Monday, April 25, 2011

The Pink Eraser

The following letter is written by Mr. Stuart Mclean...my favourite storyteller in the world.  I love traditions and the instant I read this exert from his latest book, "The Vinyl Cafe Notebooks", I knew that this was going to become a yearly tradition, from me to Kat.  She will not understand it when she starts kindergarden, but, as the years go by, I hope she will begin to appreciate it :)


Dear __________, 

Today marks the beginning of another school year and I have been wondering what I could give you to mark this moment. These annual autumn bells: the shuffle of feet on stairs, the rattle of lockers opening and closing. The echoes we all hear when September rolls in. The echoes of the schoolyards and the school days that are both here and not here. 

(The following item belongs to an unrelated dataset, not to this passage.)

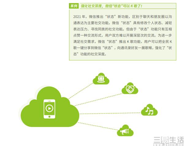 其實對于微信而言,其對于去年上線的 " 狀態(tài) " 或許寄予了厚望。近日在騰訊方面發(fā)布的《騰訊可持續(xù)社會價值報告 [ 2021 ] 》中,就將 " 狀態(tài) " 描述為 " 區(qū)別于聊天和朋友圈,具有修改個人狀態(tài)、減輕表達壓力、尋找同類的社交功能 "。為了進一步滿足用戶的社交需求," 狀態(tài) " 中也推出了 K 歌功能、聽歌功能。而此次與網(wǎng)易云音樂的聯(lián)動,就像此前火上熱搜的 " 微信農(nóng)場 " 一樣,更多的或是出于官方宣傳相關(guān)功能的目的。
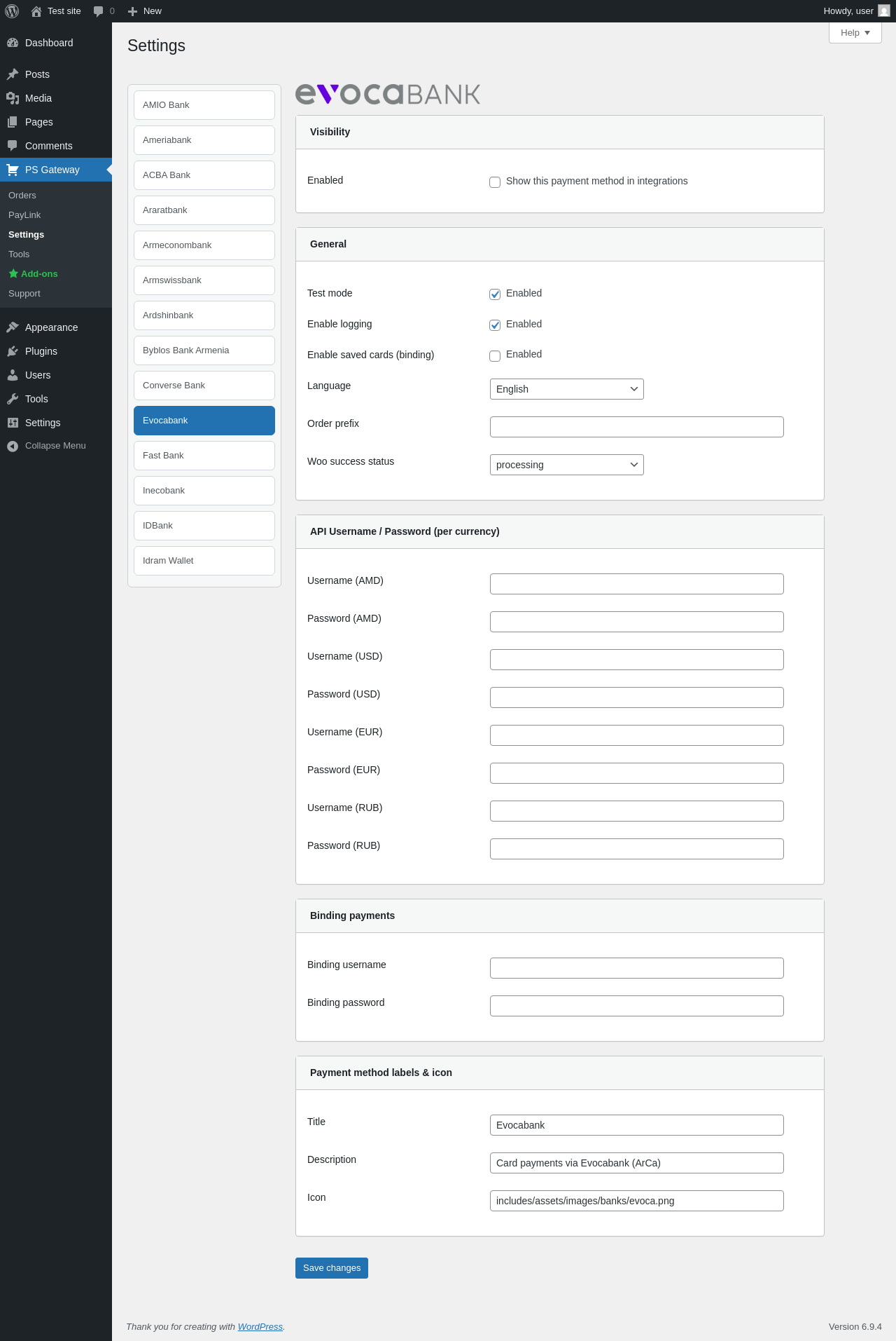| URL | /wp-admin/admin.php?page=pspg-settings&bank=arca_evoca |

I have been thinking of these things and wondering if there was some token I could wrap and give you, some little thing that would ring bells as you head off once again with your brave little bag of books. 

Some perfect little thing that tells you I understand the complexity of this week. That I know that though the first day of school is a grand day, the grandest day of all in many ways, that even in its grandeur, in the grandeur of new shoes and shirts, new friends and old ones, new teachers and new classes … that it is a grand bag of tricks too … it comes with the bag of exams and papers and other things can go all too wrong. 

Every one says this is the week that marks the real new year . And why not? What could be more full of possibility than the first day of school. As full of potential as a toboggan at the top of a hill, of a pencil hovering over a blank page, of the smile of that girl with the golden hair sitting in the front row. 

But sometimes the snow melts, and you are standing there with your toboggan, feeling a fool … the only one who didn’t hear the weather forecast. 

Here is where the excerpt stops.